Here’s New Yorker art critic Peter Schjeldahl talking about the Whitney Biennial, which I saw on Saturday. It’s a curious take: He calls it underwhelming but concludes by saying that you’ll be glad to have seen it. I’d err a touch more on the side of underwhelming.

(Full disclosure: Your dog knows more about modern art than I do.)

There were two exhibits in particular that struck me as powerful, but in the context of the Whitney, borderline offensive. One was the work of photographer Stephanie Sinclair, who documented Afghan women who’d set themselves on fire to protest abuse from their husbands and/or families. It’s heartbreaking.

But even more so is the work of photographer Nina Berman, whose pictures you may have seen reported on in the New York Times. In “Marine Wedding,” Berman chronicles the story of an American soldier whose face was blown off by an IED in Iraq (I think).
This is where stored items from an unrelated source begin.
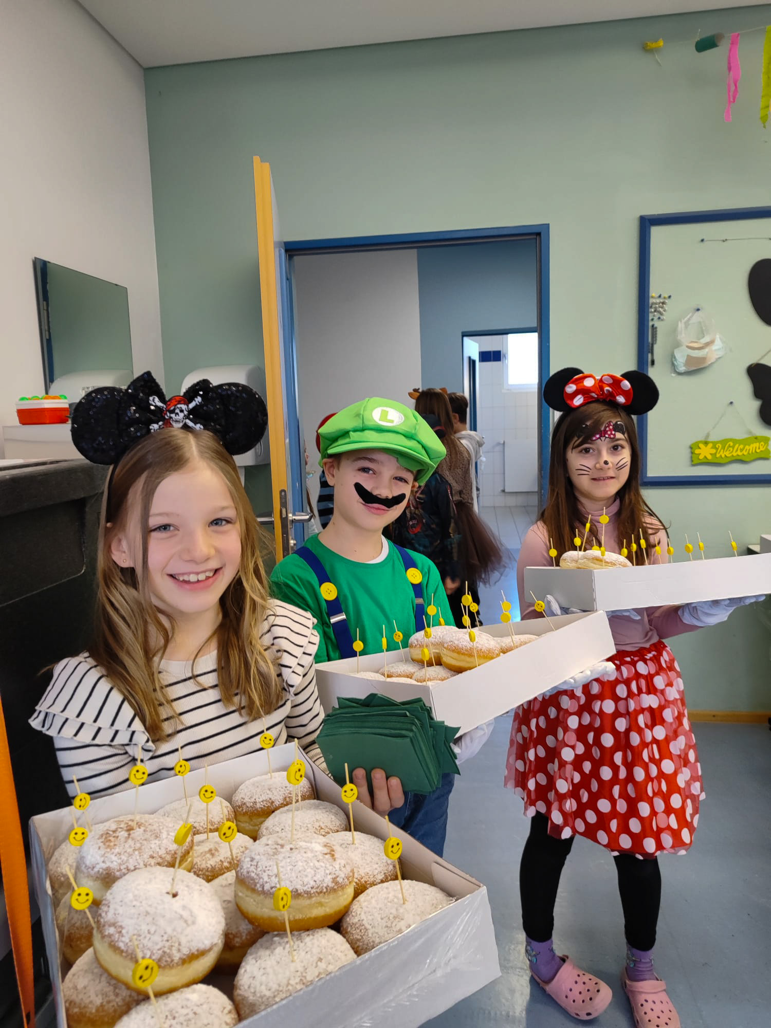 Bewegung macht hungrig – und so konnte sich die maskierte Schulfamilie in diesem Jahr auch erstmals auf Faschingskrapfen stürzen.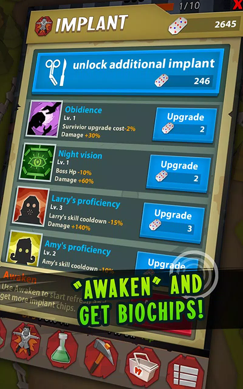 1、首先在游戏中玩家们要注意正确的去将那些道具全部都收集起来,并且在那些僵尸出现了之后我们要注意正确的去将那些敌人消灭掉,并且获得更多的生物酶来升级我们的角色获得更强的攻击力。
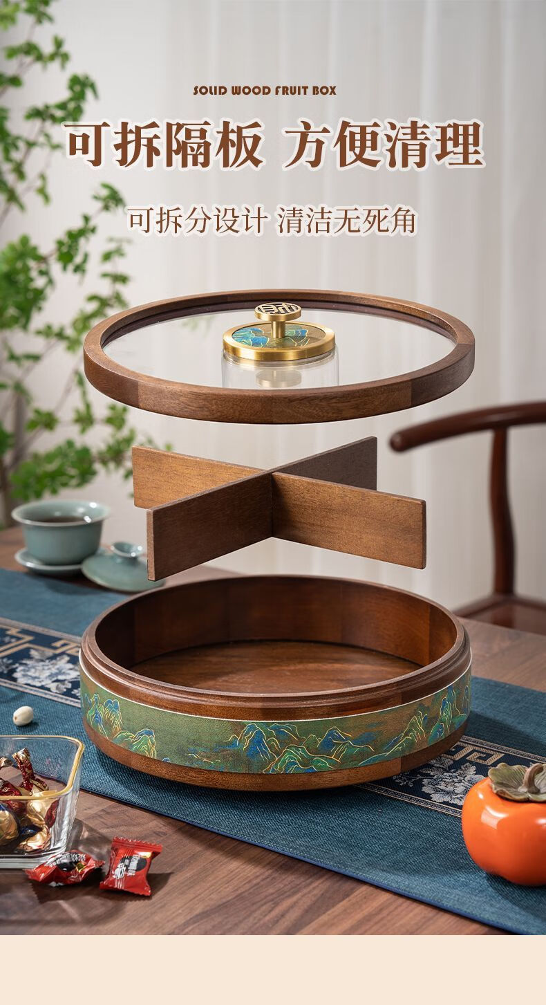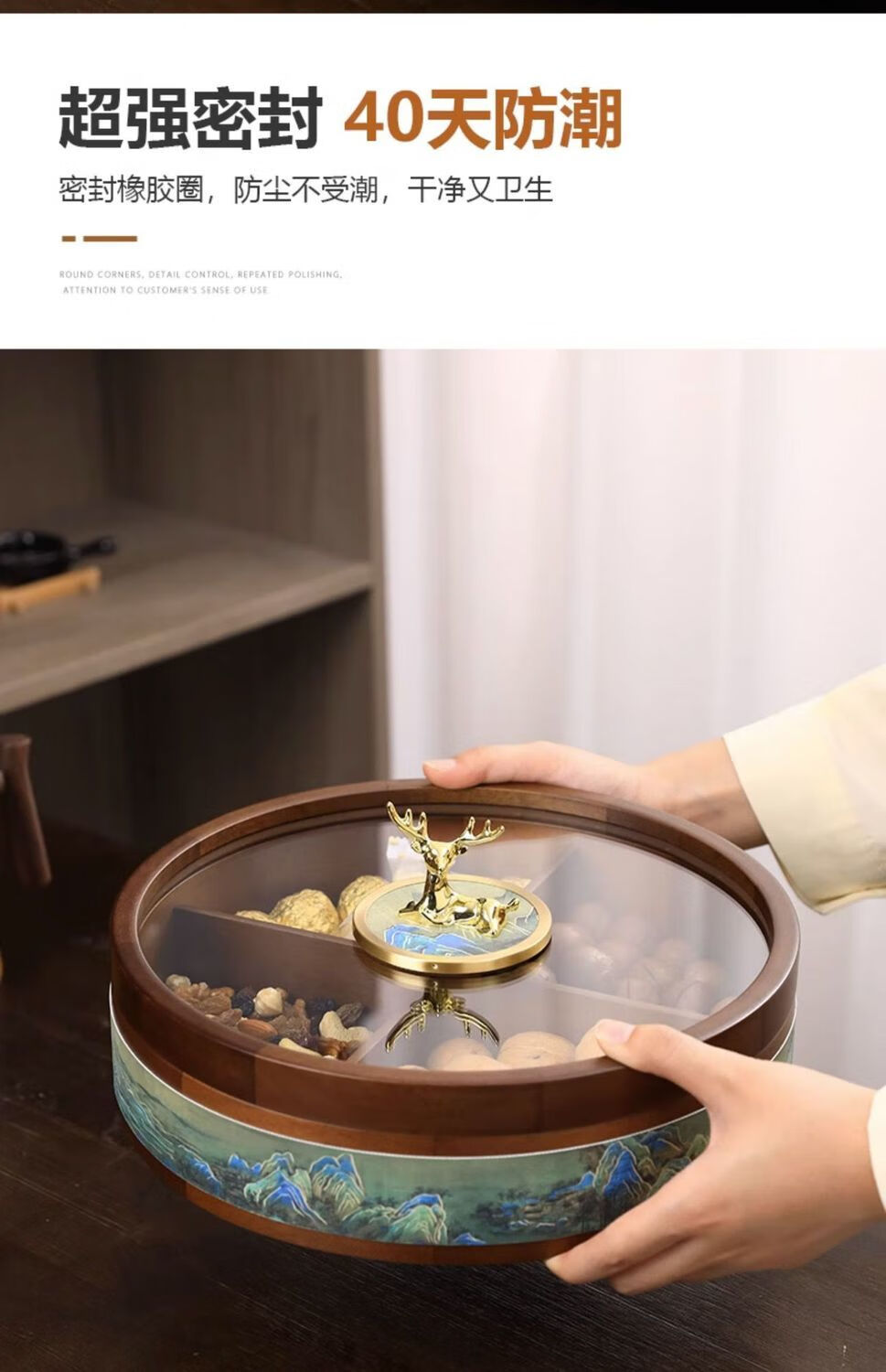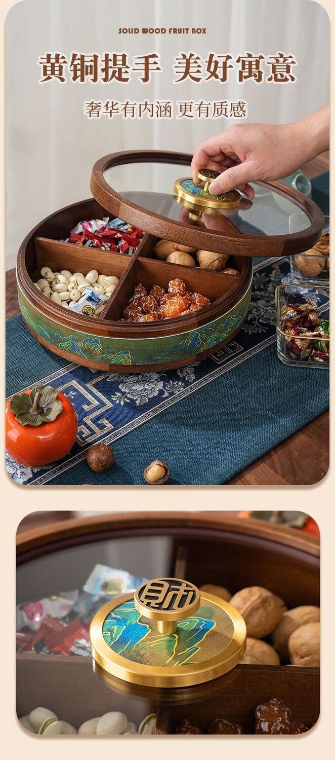 咏夏新中式实木干果盒千里江山零食收纳盒家用带盖分格客厅果盘 千里江山财柄四格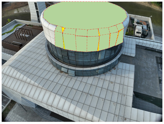 First, using plane extraction and segmentation methods, the triangular meshes belonging to the same plane are segmented into several polygons. Then, along the boundaries of these polygons, m polygonal geometric primitives are segmented from S; due to the sampling accuracy of the 3D surface mesh, the boundaries of the polygons are typically not smooth. By obtaining the line segments of the intersecting polygon boundaries, n line segment primitives can be obtained. An example of some geometric primitives in the geometry proxy is shown in Figure 2. Because real scenes often include small curved surfaces, smaller polygons are split into point primitives for processing.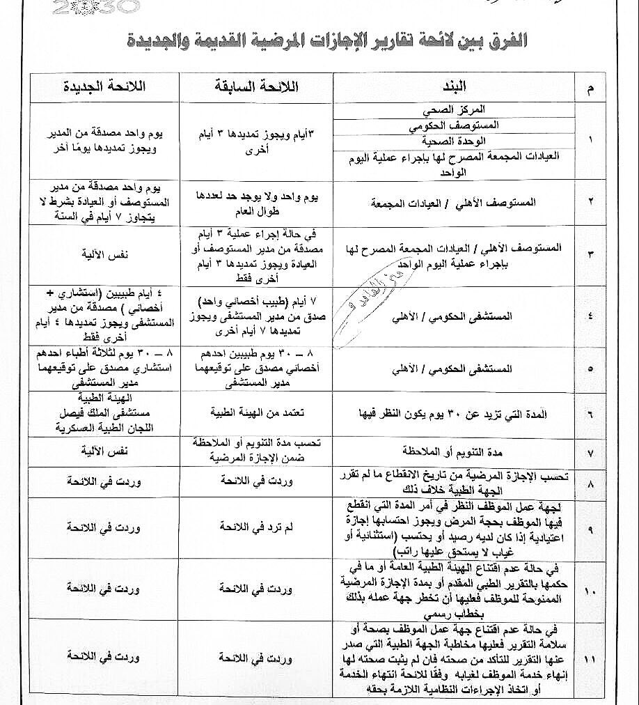 اوضحت وزارة الخدمة المدنية السعودية عن النظام الجديد الخاص بالترقيات لعام 1441 بانه لن تكون هناك ترقية مكتسبة للجميع منوه الي انه التغييرات قد طالت وسائل التقييم الخاص باداء الموظفين واوضحت. لائحة تقارير الاجازات المرضية القديمة و الجديدة 1440 هـ 2019 م لمشاهدة و تحميل الملفات اضغط هنا post views. وحول الإجازات الخطيرة شملت اللائحة الجديدة تعديلاتها إذ أصبحت سنة براتب كامل ثم ستة أشهر بنصف راتب ثم ثلاثة أشهر بربع راتب فيما كانت قبل اللائحة الجديدة سنة براتب كامل ثم ثلاثة أشهر بنصف راتب ثم ثلاثة أشهر بربع. أنشئت وزارة العمل والتنمية الاجتماعية بموجب المرسوم الملكي الكريم الذي صدر في الشهر الأخير من عام 1380 هـ وذلك تحت اسم وزارة العمل والشؤون الاجتماعية وقامت الوزارة منذ نشأتها بتنمية المجتمعات المحلية واهتمت بلجان.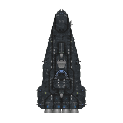 The UN Battleship, being called "The most heavily armed ship in The Colonies " has a massive frame, which while making it vulnerable to LRPT fire, allows it to tank the firepower of entire fleets. Its 28 military grade turrets and 20 torpedo launchers allow the vessel to deal considerable damage to anything within its range while the internally stored plasma warheads allow for long distance combat as well as orbital bombardment operations which while the UN would have no need to do, could theoretically be carried out by this ship. Called out for its overkill weapons systems compared to any other ship in the colonies, The UN maintains that such vessels will be needed for the future yet fails to disclose why, with the 5 in service currently positioned in orbit of large, northern colonies like Epsilon Aturnons and Corsus VII and more currently under construction, The Europa, Agatha King and Leonidas all currently under construction at Bernard Shipyards at Omega Periallus VIII's 3rd moon.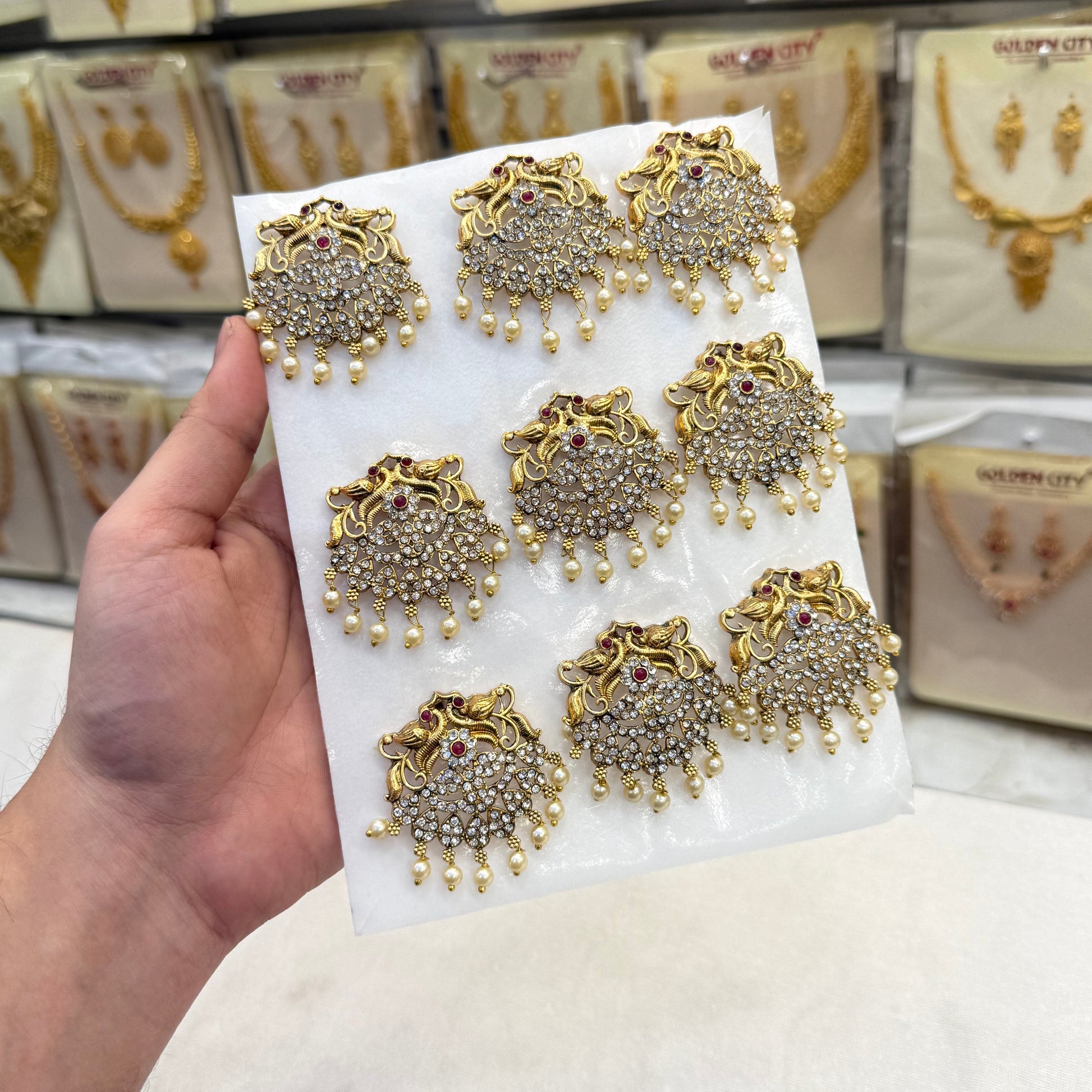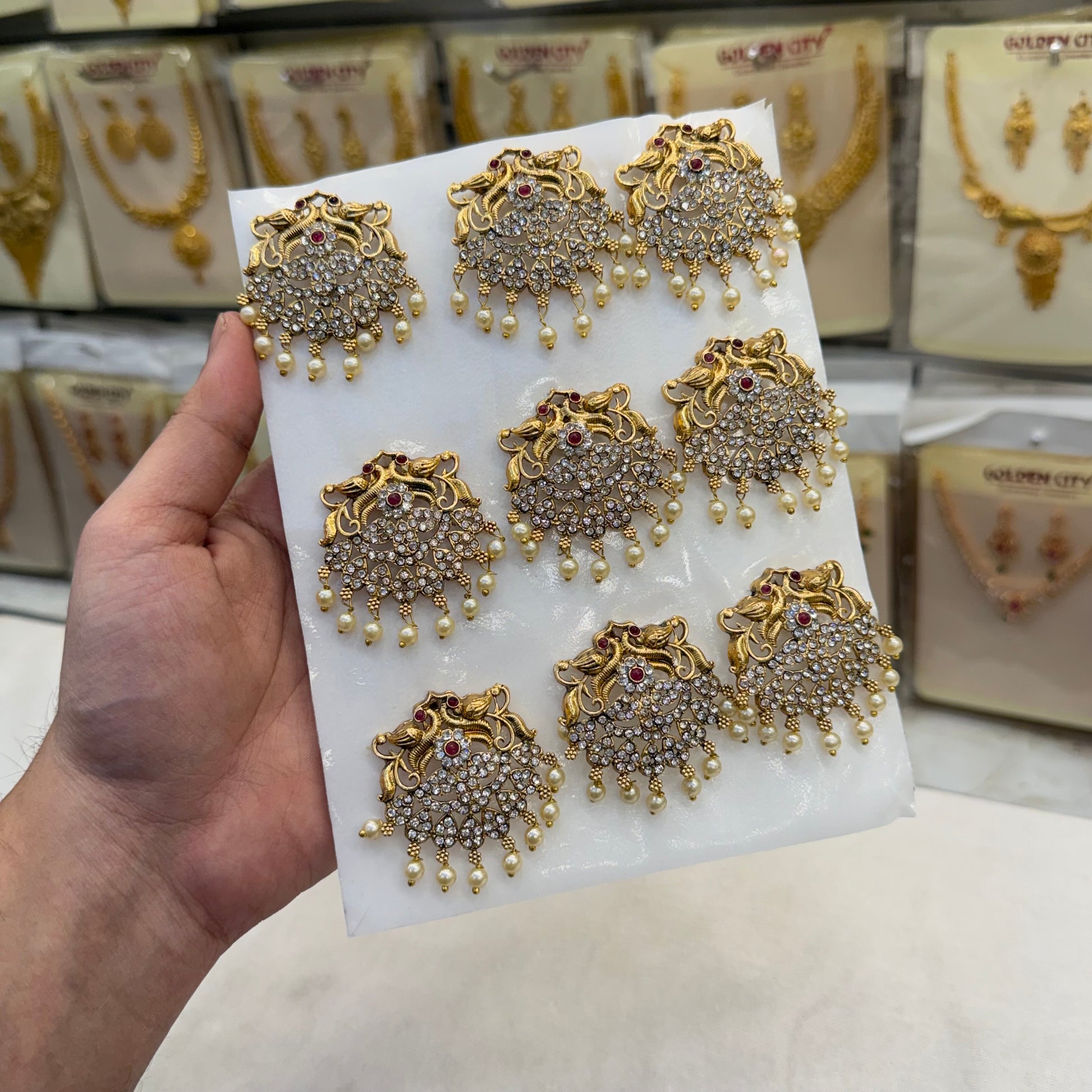 Elevate your hairstyle with our Floral Charm Jada Billa set. This nine piece set includes beautiful hair accessories that will add a touch of charm to any look. Perfect for any occasion, this set is a must-have for any fashion-forward individual. Elevate your style with ease.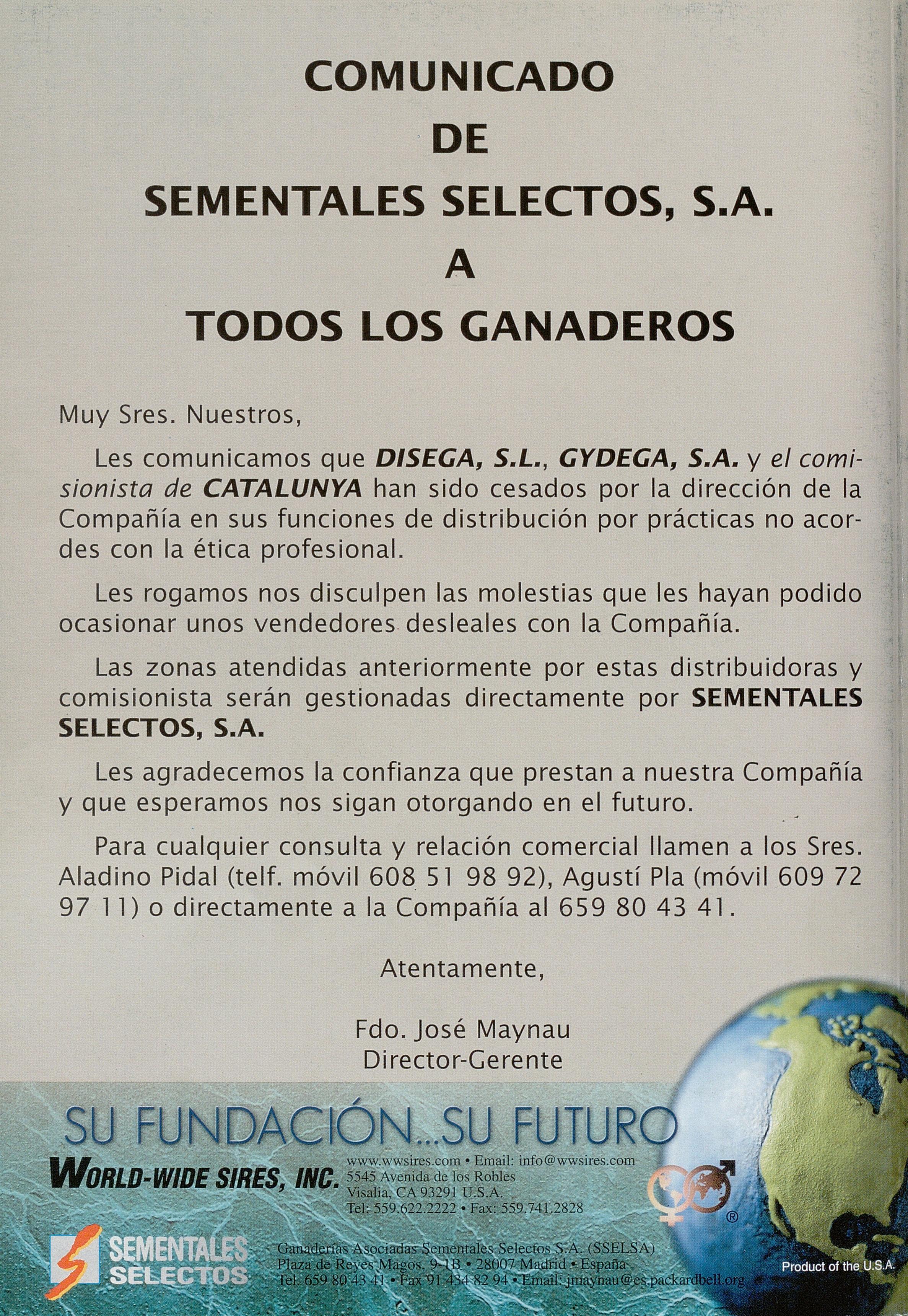 Para cualquier consulta y relación comercial llamen a los Sres Aladino Pidal (telf. móvil 608 51 98 92), Agustí Pía (móvil 609 72 97 1 1) o directamente a la Compañía al 659 80 43 41.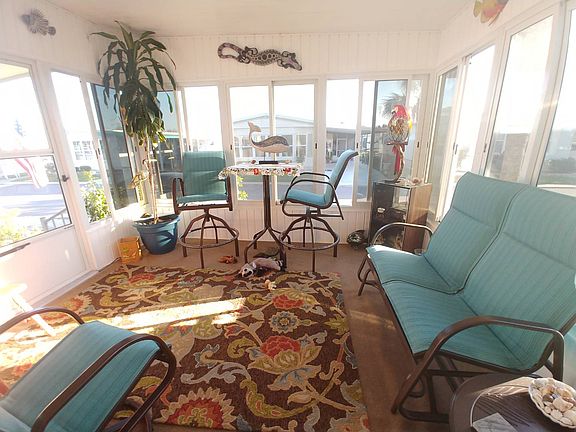 If you're looking for a newer and beautiful 55+ Resort style, pet friendly community that is close to beaches, shopping, great restaurants, medical facilities and golf courses then Lincolnshire Estates is the place to call home! This community has it all...gorgeous pool, spa, fitness center and new clubhouse with activities galore for the residents! Up to two Pets are welcome up to 30 lbs each.The monthly lot rent of $634 includes weekly lawn mowing and edging, trash and complete use of the recreational facilities. This adorable 2 bedroom, 2 bath beach cottage is updated and upgraded! Enjoy years of peace of mind with a shingled roof, new laminate wood flooring, new AC and windows! On the outside, the home has vinyl siding, covered carport for two cars with a shed that features washer and dryer hook ups, PLUS a lovely, screened in patio on the front of the home! Enjoy shade and cool breezes all day! Enter the home into a stunning open kitchen that flows perfectly into the eat-in dining area with beautiful bay windows! Kitchen has been updated with ceramic tile flooring, new soft close cabinets, Corian counter tops and Corian sink with stainless appliances! The dining area will easily fit a 4 person table and flows nicely into the living room. The spacious, open living room features freshly painted wood panel walls, laminate floors and a double slider door access to the fantastic screened in patio! Master bedroom is large with deep walk in closet and wood laminate flooring and currently holds a nice queen sized bed suite comfortably with room to spare! It also features a full bathroom with a step in shower, tile flooring and updated vanity. Guest bedroom is good sized with wood laminate flooring, has a walk in closet and freshly painted walls to decorate and make your own! Access to the main bathroom is just outside so your guest can feel like they have a bathroom of their own. This home has it all! Call Chris today to schedule a showing, place an offer or for additional information! All listing information is deemed reliable but not guaranteed and should be independently verified through personal inspection by appropriate professionals. All Florida Mobile Home Sales Inc. cannot guarantee or warrant the accuracy of this information or condition of this property. The buyer assumes full responsibility for obtaining all current rates of lot rent, fees, and pass-on costs. Additionally, the buyer is responsible for obtaining all rules, regulations, pet policies, etc., associated with the community, park, or home from the community/park manager. All Florida Mobile Home Sales Inc is not responsible for quoting of said fees or policies

You can see some of the photos here—they’re not for the faint of heart; the visage of this man challenges our conception of humanity. Berman’s story is of the man’s return to civilian life and subsequent marriage to his high school sweetheart. It’s powerful and tragic and inspiring and devastating all at once. I found it overwhelming.

But is it art? That question bothered me when considering both Sinclair’s and Berman’s work. Somehow even to discuss such photojournalism in artistic terms seemed trivializing, offensive. Berman’s work was shown on the walls of a room which also contained a couch made of papier mache on top of which sat two urns—some random piece of artwork whose meaning was utterly lost on me. At one point a guide leading a group of visitors entered the room and began talking about the couch, and I just thought, really, who gives a fuck about the couch? Was it supposed to make some glib statement about domesticity amidst the horror of war? I don’t know. Even the idea appalled me. And the idea that the curators might have been going for just that shock value appalled me further. Real-life horror overwhelmed art, relegated it to a trivial place, made the curators seem like gerbils scurrying on a wheel that never moved.

Put those photos in a museum of photography, or in the Newseum in Washington. Put them in a cemetery or a church. Put them in Arlington. Put them in the Smithsonian. Create from them a memorial. Tell people what war is really like, what it does to us, what it steals from us.

Just don’t put them in a museum of modern art on the Upper East Side of New York City.